= Markup (legislation) =

Process for amending and rewriting proposed legislation in the United States

Markup (or mark-up) is the process by which a U.S. congressional committee or state legislative session debates, amends, and rewrites proposed legislation.

==In the House of Representatives==
The process of marking up bills and resolutions in committees of the House of Representatives generally resembles, but does not perfectly replicate, the process of amending measures on the House floor.

At the beginning of a markup, committee members often make opening statements, usually not exceeding five minutes apiece. The first reading of the text of the bill to be marked up can be waived, either by unanimous consent or by adopting a non-debatable motion. The bill then is read for amendment, one section at a time, with committee members offering their amendments to each section after it is read but before the next section is read. By unanimous consent only, the committee may agree to dispense with the reading of each section, or to consider a bill for amendment by titles or chapters instead of by sections. Also by unanimous consent, the committee may consider the entire bill as having been read and open to amendment at any point.

Each amendment must be read in full unless the committee waives that reading by unanimous consent. Committees debate amendments under the five-minute rule. A committee can end the debate on an amendment by ordering the previous question on it, or by agreeing to a motion to close debate on it. A committee also can order the previous question or close debate on the entire bill, once it has been read or that reading has been waived by unanimous consent. However, the committee can only close debate, not order the previous question, on individual sections (titles, chapters) of the bill. The various kinds of amendments, as well as most of the other motions, that are in order on the House floor are in order in committee as well.

Committees do not change the texts of the bills they mark up. Instead, committees vote on amendments that their members want to recommend that the House adopt when the House considers the bill on the floor. The committee concludes a markup not by voting on the bill as a whole, but by voting on a motion to order the bill reported to the House with the amendments that the committee has approved. A majority of the committee must be present when this final vote occurs. For all other stages of markups, committees may set their own quorum requirements, so long as that quorum is at least one-third of the committee's membership.

Like the Speaker of the House, committee chairs are responsible for maintaining order and for enforcing proper procedure, at their own initiative or by ruling on points of order that other committee members make. Chairs also frequently respond to questions about procedure in the form of parliamentary inquiries.

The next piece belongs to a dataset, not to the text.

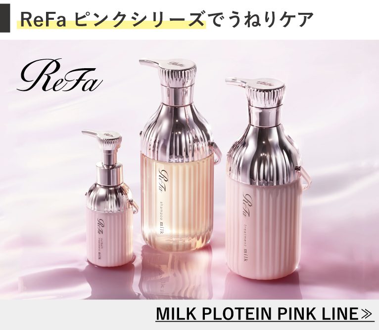 「ReFa MILK PROTEIN PINK LINE」は天然ミルク由来のプロテイン(※1)とコントロールケラチン(※2)、天然ピンクベリー成分(※3)が、髪のうるおいバランスを整えて、余計な湿気はブロック。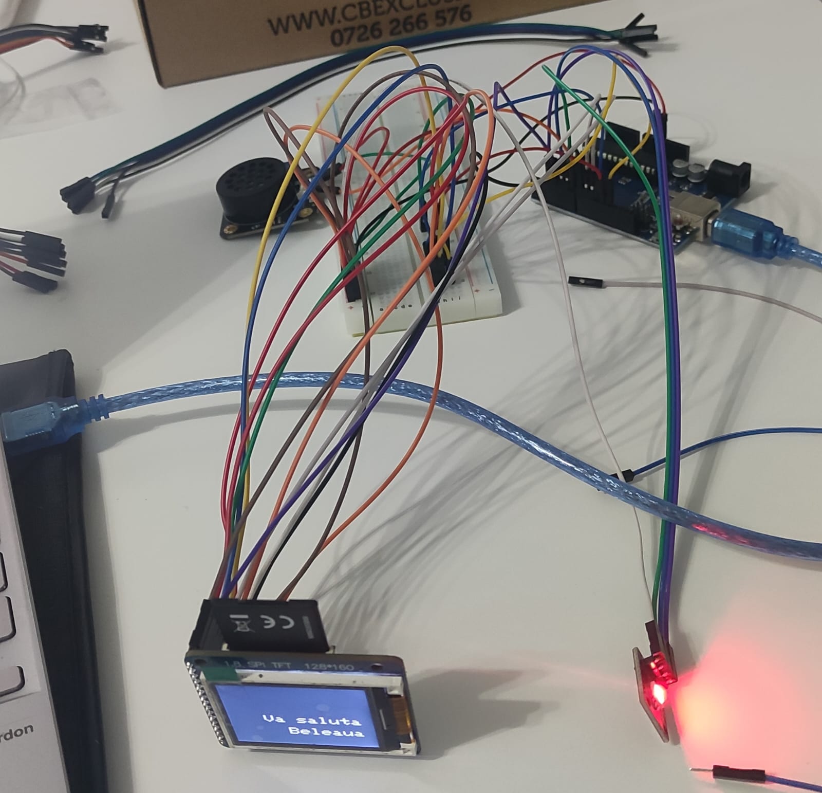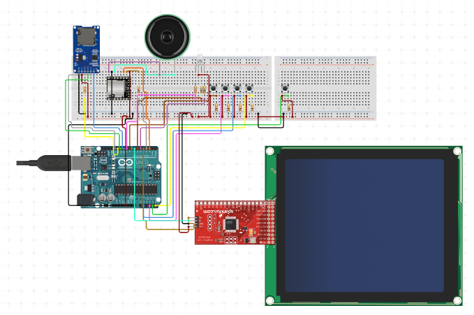 Voi folosi un Arduino Uno pe post de unitate de procesare, la care voi atasa un ecran de 1.8” LCD pentru a afisa jocul, un speaker pentru a canta melodii si 5 butoane pentru a controla cele 4 directii (sus, jos, stanga, dreapta) + buton de start. Ecranul vine si cu un adaptor SD prin intermediul caruia care voi afisa imagine de start. La final ma voi folosi de un LED RGB pentru a afisa finalul (RED - pierdere, BLUE - castig).

A committee may report a bill back to the House without amendment, with several amendments, or with an amendment in the nature of a substitute that proposes an entirely different text for the bill. Alternatively, a committee may report a new or "clean" bill on the same subject as the bill (or other text) that it has marked up.

==In other form==

State governments and various kinds of municipalities also markup legislation and the process varies by locality. In some, the legislative branch marks up the legislation (or budget since it is a piece of legislation) by deleting parts and adding sections, etc.